# Project: US Accidents Analysis

Import necessary libraries for Exploratory data analysis

In [None]:
# This Python 3 environment comes with many helpful analytics libraries installed
# It is defined by the kaggle/python Docker image: https://github.com/kaggle/docker-python
# For example, here's several helpful packages to load

import numpy as np # linear algebra
import pandas as pd # data processing, CSV file I/O (e.g. pd.read_csv)

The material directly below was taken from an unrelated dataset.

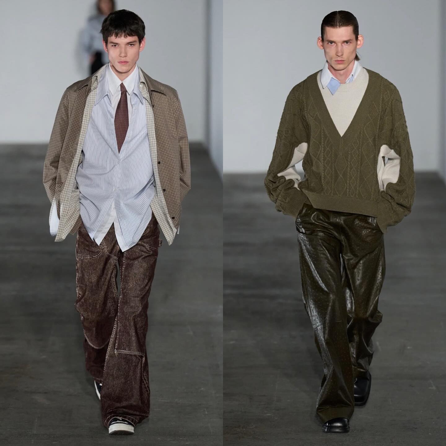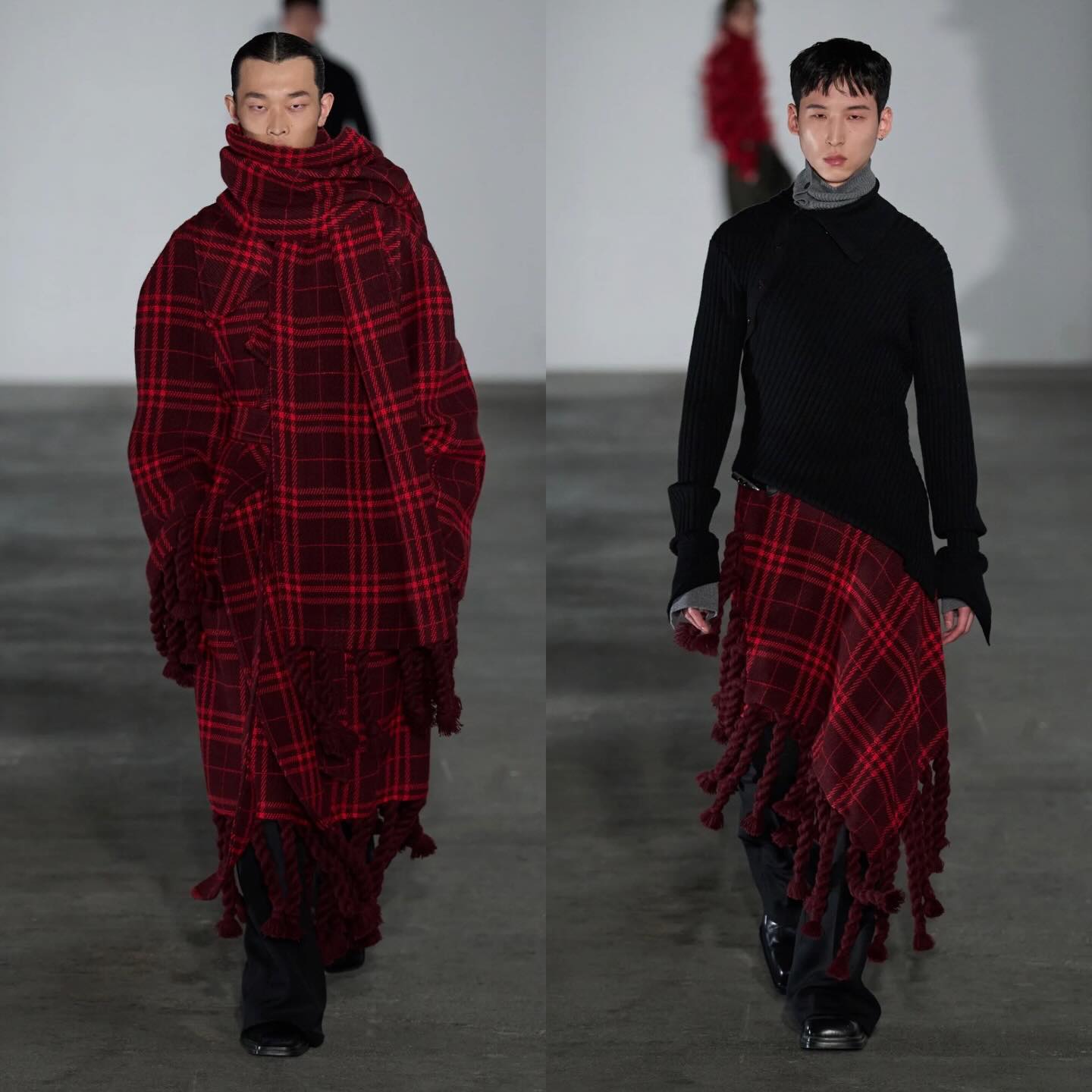 جاءت القطع داكنة يغلب عليها اللون الأسود مع لمسات من الأزرق والعنّابي، وقدّم بدلات بخطوط مريحة، سترات بجلود مرقّعة، بناطيل مستقيمة، وتنانير فوق السراويل بإيحاءات طقسية.

# Input data files are available in the read-only "../input/" directory
# For example, running this (by clicking run or pressing Shift+Enter) will list all files under the input directory

import os
for dirname, _, filenames in os.walk('/kaggle/input'):
    for filename in filenames:
        print(os.path.join(dirname, filename))

# You can write up to 20GB to the current directory (/kaggle/working/) that gets preserved as output when you create a version using "Save & Run All" 
# You can also write temporary files to /kaggle/temp/, but they won't be saved outside of the current session

Read the data using panda and check the size

In [None]:
df = pd.read_csv('/kaggle/input/us-accidents/US_Accidents_March23.csv')

In [None]:
df

In [None]:
df.info()

In [None]:
df.describe()

In [None]:
# How many numeric data columns so we have in the dataset ?
numerics = ['int16', 'int32', 'int64', 'float16', 'float32', 'float64']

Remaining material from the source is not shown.